主角是鸿尘吕牧的玄幻奇幻《何以仙》,是近期深得读者青睐的一篇玄幻奇幻,作者“早睡仙人”所著,主要讲述的是:楚太平五十一年,三月初九,天沉如墨,赤云翻涌如血,万物死寂如鸿蒙初闭,连飞鸟都敛了翅,伏在枝头不敢啼鸣。路过行人蹙眉低语:“方才还晴光万里,怎骤生此等异象?”楚境北域,吕公侯府。往日的钟鸣鼎食之象荡然无存,佣人们踉跄奔走,端着器物的手颤得厉害,府内的喧嚣裹着蚀骨惶恐,刀剑相击的铿锵声从府门方向漫来,如催命的鼓点,敲得人心头发紧。三日前,吕公侯之子吕牧的夫人诞下麟儿。襁褓中的婴孩眉心嵌着一点月牙状暗...

楚境南域,有一繁华小镇,名为仙尾镇。

仙尾镇卧在浅丘褶皱里,青瓦连片铺到山脚,炊烟缠著晨雾漫过石板路,檐角风铃坠著碎瓷片,风一吹便落满细碎清响镇外群山裹着苍绿,唯西侧孤山最清净,松针厚积如毯,涧水沿石缝渗落,叮咚声漫过整座山岚。

山半腰的茅舍嵌在松荫里,茅草顶覆着薄苔,木柴码在檐下晒得泛白,竹编窗棂糊着旧纸,风穿窗缝时卷着松脂香,屋内土灶旁堆着干草药,陶罐盛着山泉,桌案上摆着半块粗面糕,朴素得浸着山野清寂。

老道坐在茅舍前的竹椅上,手里拿着一壶酒喝着。

望着远山漫开的雾色,敲了敲竹椅扶手,开口道“二狗子,过来过来……”院落一孩童穿洗得发白的粗布短衣,眉眼清亮如涧中石,正攥着根枯枝在泥地上划刻着。

老道轻笑道,声音裹着草木沉润:“自将你从那荒冢拾回,也有十载,也不能一首喊你二狗子”你祖上名氏无从知晓,既与这仙尾镇、这孤山结了因果,今日便为你取个名。

至于姓氏,日后若寻得亲族,随与不随,皆由你心。
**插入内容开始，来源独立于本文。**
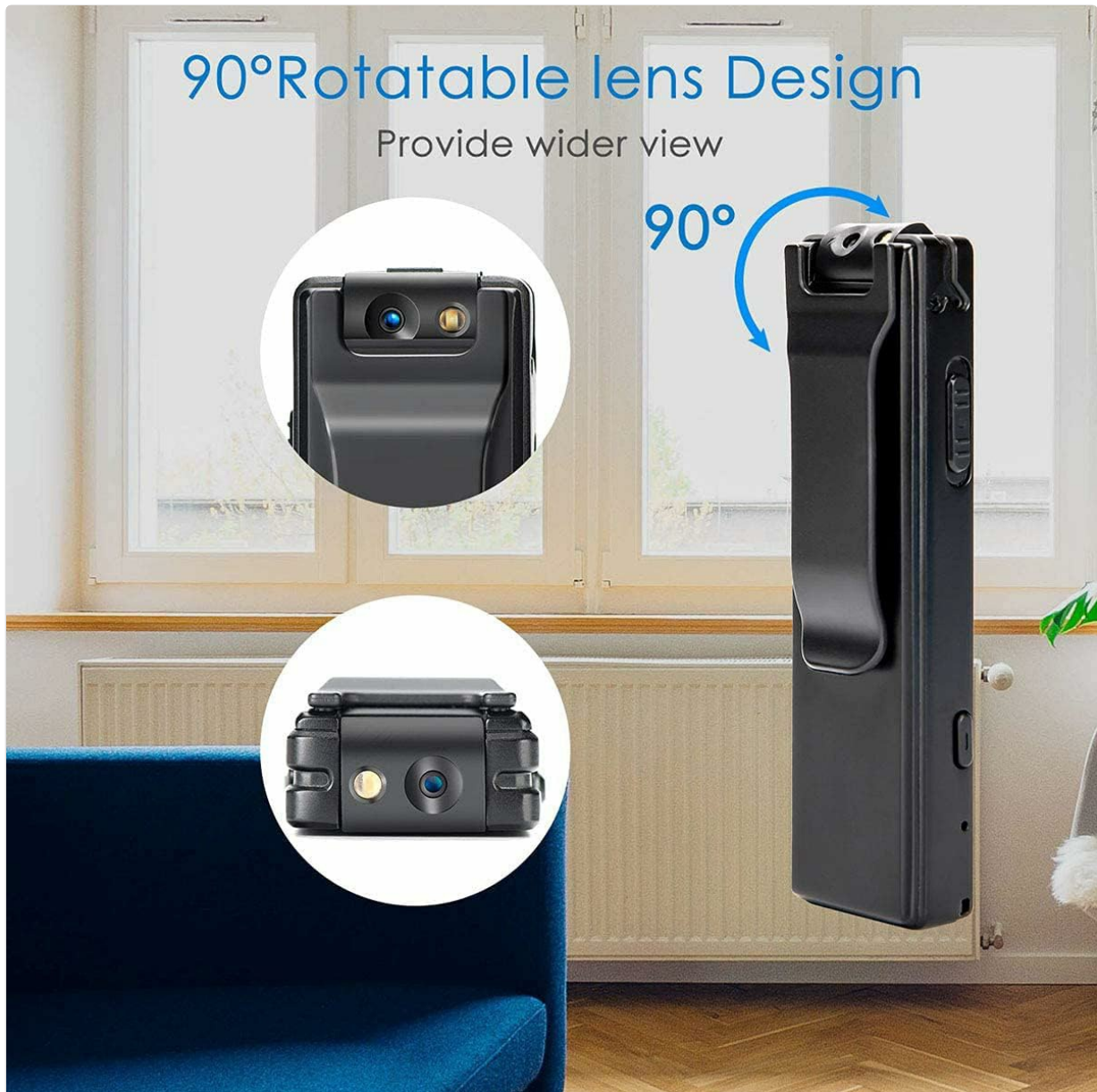
Image: The CAPOXO camera featuring its 90-degree rotatable lens, allowing for flexible recording angles.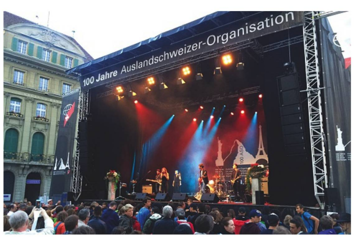
100 years ASO celebration with concerts and activities on the Bundesplatz in Bern

This year, the CSA meeting and OSA congress was particularly interesting. The OSA was celebrating its centenary with a remarkable program. There were concerts on Friday evening and the whole Bundesplatz was dressed in OSA colours. Many information stands and lots of happy people enjoyed what the expat community had on offer. Different groups were presenting themselves and sharing their experience and knowledge. The speech of Bundesrat Didier Burkhalter was also very inspiring.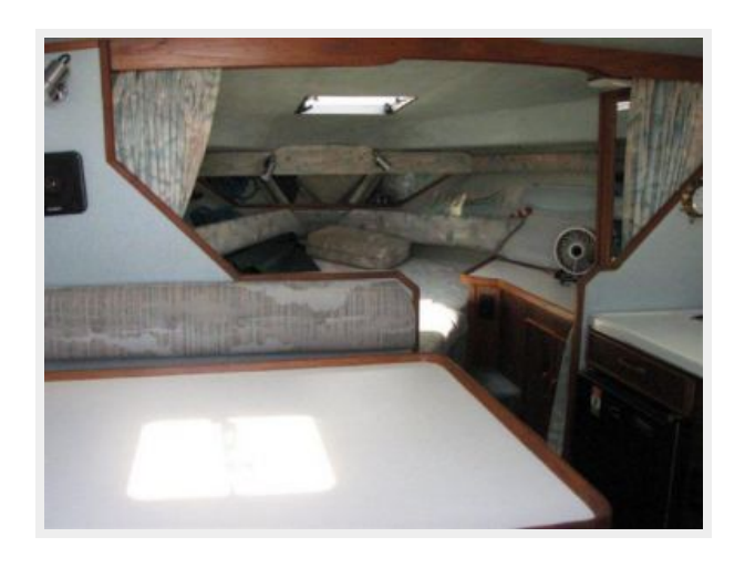
Main Cabin 1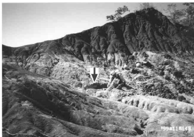
Figure 4. Landscape of the Pk1 (Sabapon Taung) locality, showing a tuff bed (arrow).

2004b, 2004c, 2005, 2006a, 2006b, in press; Gebo et al. , 2002; Holroyd et al. , 2002, 2006; Dawson et al. , 2003; Kay et al. , 2004a, 2004b; Shigehara and Takai, 2004; Takai and Shigehara, 2004; Suzuki et al. , 2004, 2006a, 2006; Stidham et al. , 2005; Maung Maung et al. , 2005; Ugai et al. , 2006).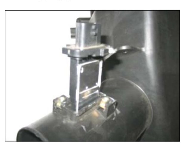
3. Using a Phillips head screwdriver, remove two screws and the MAF sensor from the factory air box lid. Save the sensor for reuse.

”

“孩童听后歪头问“那酒鬼爷爷要给我取什么名呢?”

(这酒鬼爷爷称呼的来头只因老道平时嗜酒如命,故而山脚下丰海村的乡亲们都称呼其为“酒鬼道长”)老道将酒壶往竹椅旁一搁,酒液晃出几滴沾在青石板上,他指尖蘸了点湿痕在石板上歪歪扭扭写下“鸿尘”二字,酒气混着松脂香飘在风里,眯着眼对孩童道:“便叫鸿尘。”

鸿是能飞跨山海的大雁,志在云天,尘是世间微末,落在哪里都能生根,盼你日后能如鸿鹄闯遍天地,也能像尘泥般活得扎实。”
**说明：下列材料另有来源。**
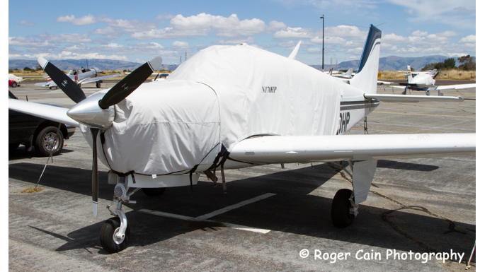
Beech Bonanza Engine and Canopy Cover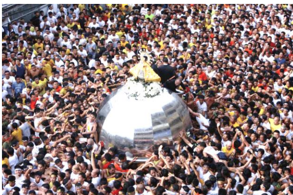
Statue Processing through the Streets Where some 5 million people visit a city of 200,000 in largest Marian pilgrimage in Asia and Philippines.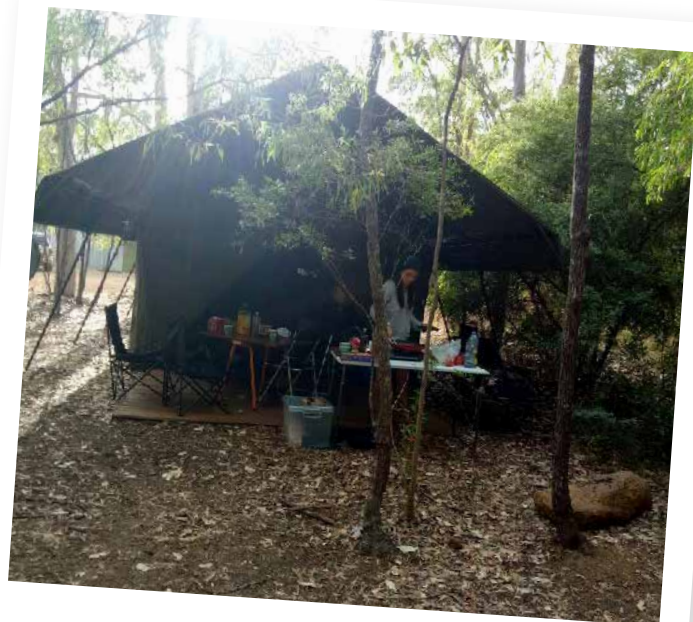
Wharncliffe Mill, Bramley National Park

Try glamping – glamorous camping – and enjoy your camping experience without buying or borrowing a tent. Here's our selection of the best glamping experiences with fully accredited businesses that are licensed to operate in national parks and reserves. Depending on your choice, some businesses can provide all bedding and cooking equipment and others will include meals, activities and the five-star treatment. The choice is yours.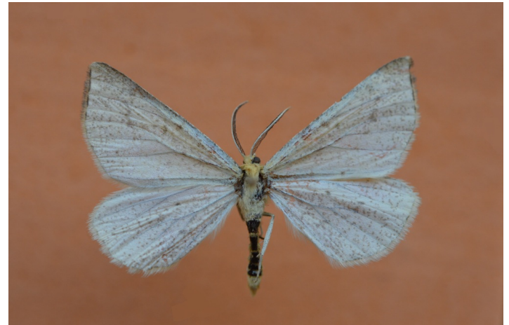
Figure 10. Hypoxystis pluviaria (Fabricius, 1787).

Hypoxystis pluviaria (Fabricius, 1787), Sušica River Canyon, 1180 m, 7 May 2017, two males, one female. Genitalia checked, slide CG-2894. (Fig. 10)

说罢,枯瘦的手指揉了揉孩童的脑袋,把他额前的碎发揉得乱糟糟。

孩童凑上去盯着石板上的字,小脑袋跟着念“鸿尘鸿尘”,眼睛亮得像涧里的碎星,一把抢过老道手里的枯枝,蹲在泥地上笨拙地描,嘴里还嘟囔:“比二狗子好听多啦!

酒鬼爷爷写的字歪歪扭扭,我描得肯定比你好看。”

他描到“鸿”字最后一笔时,指尖突然凝起一缕淡青的灵气,细得像蛛丝,悄无声息缠上院角的几株枯草。

不过眨眼的功夫,枯黄的草茎竟倏地抽出新芽,嫩黄的叶尖顶着晨露,在风里轻轻晃着。

孩童惊得手一抖,枯枝“啪”地掉在泥地上,他连忙拽着老道的袖子晃了晃,嗓门又脆又急:“酒鬼爷爷你看!

草活了!

是不是我写名字写的?”

老道低头瞧了眼那丛新芽,眼中闪过一丝讶异,旋即又挂上笑,伸手拍掉他手上的泥灰:“傻小子,不过是山里的灵气逗你玩呢,哪是你那歪字的功劳。”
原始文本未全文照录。